Грандиозные и драматические театры памяти 1920 года с их яркими, но эфемерными образами ушли в прошлое: на их месте возникли «институты памяти», к которым в итоге должен обращаться каждый новый режим, если он хочет обеспечить материальную основу для своей идеологии. По мере завершения Гражданской войны большевистский режим создавал академии и общества с филиалами по всей Советской России для подготовки нового поколения ученых-марксистов и систематизации издания канона работ отцов-основателей – Маркса, Энгельса и особенно Ленина [David-Fox 1997; Tolz 1997]. Были созданы органы, призванные осветить историческую роль профсоюзного и коммунистического движения молодежи в революционной борьбе, почтить память старых большевиков, политкаторжан и ссыльных, пострадавших при царизме[391]

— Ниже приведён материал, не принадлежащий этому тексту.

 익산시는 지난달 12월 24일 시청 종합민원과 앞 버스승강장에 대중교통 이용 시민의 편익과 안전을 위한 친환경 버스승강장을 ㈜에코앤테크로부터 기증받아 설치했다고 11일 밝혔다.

. Каждому учреждению требовались свои кадры и издания; создавались новые архивы, библиотеки и музеи для систематизации, хранения – и освящения – собранных материалов. Постепенно накапливая всевозможные «свидетельства», новая система настойчиво провозглашала Октябрьскую революцию своим основополагающим событием. Она заложила краеугольный камень в проект построения социалистического рабочего государства, обладающего собственными экономическими, политическими, культурными и идеологическими институтами, способными создавать хранилище знаний – новую социалистическую науку. Хотя, по утверждению большевиков, этот проект был заложен в революцию с самого начала, он стал актуальным в результате потрясений первых месяцев 1921 года, когда рабочие, крестьяне и матросы бросили самый прямой вызов большевистской власти и большевистским требованиям Октября.Часть II
Память Октября
Глава 4
Истпарт и институционализация памяти
Наше отношение к документам революции должно быть таким же активным, как и наше отношение к событиям революции.

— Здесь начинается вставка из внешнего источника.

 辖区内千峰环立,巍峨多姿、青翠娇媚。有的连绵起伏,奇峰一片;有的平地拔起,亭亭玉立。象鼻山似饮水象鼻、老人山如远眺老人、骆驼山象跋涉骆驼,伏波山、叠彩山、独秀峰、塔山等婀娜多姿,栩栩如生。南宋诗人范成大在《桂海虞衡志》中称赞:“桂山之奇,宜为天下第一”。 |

В течение 1920 г. по всей провинциальной России неуклонно росли волнения рабочих и крестьян. В начале 1921 года они достигли критической точки. Серия «крестьянских войн», как называет их Орландо Файджес, представляла, по мнению Ленина, «опасность, во много раз превышающую всех Деникиных, Колчаков и Юденичей, сложенных вместе» [Ленин 1967–1975, 43:18] \ Эпидемия забастовок и волнений, охватившая большинство промышленных районов страны, представляла собой далеко не только экономический вызов правительству. Для революционного государства, одержимого идеей наблюдения за населением и его преобразованием, пропасть в общении между центром и периферией, выявленная этими волнениями, представляла серьезную угрозу[392]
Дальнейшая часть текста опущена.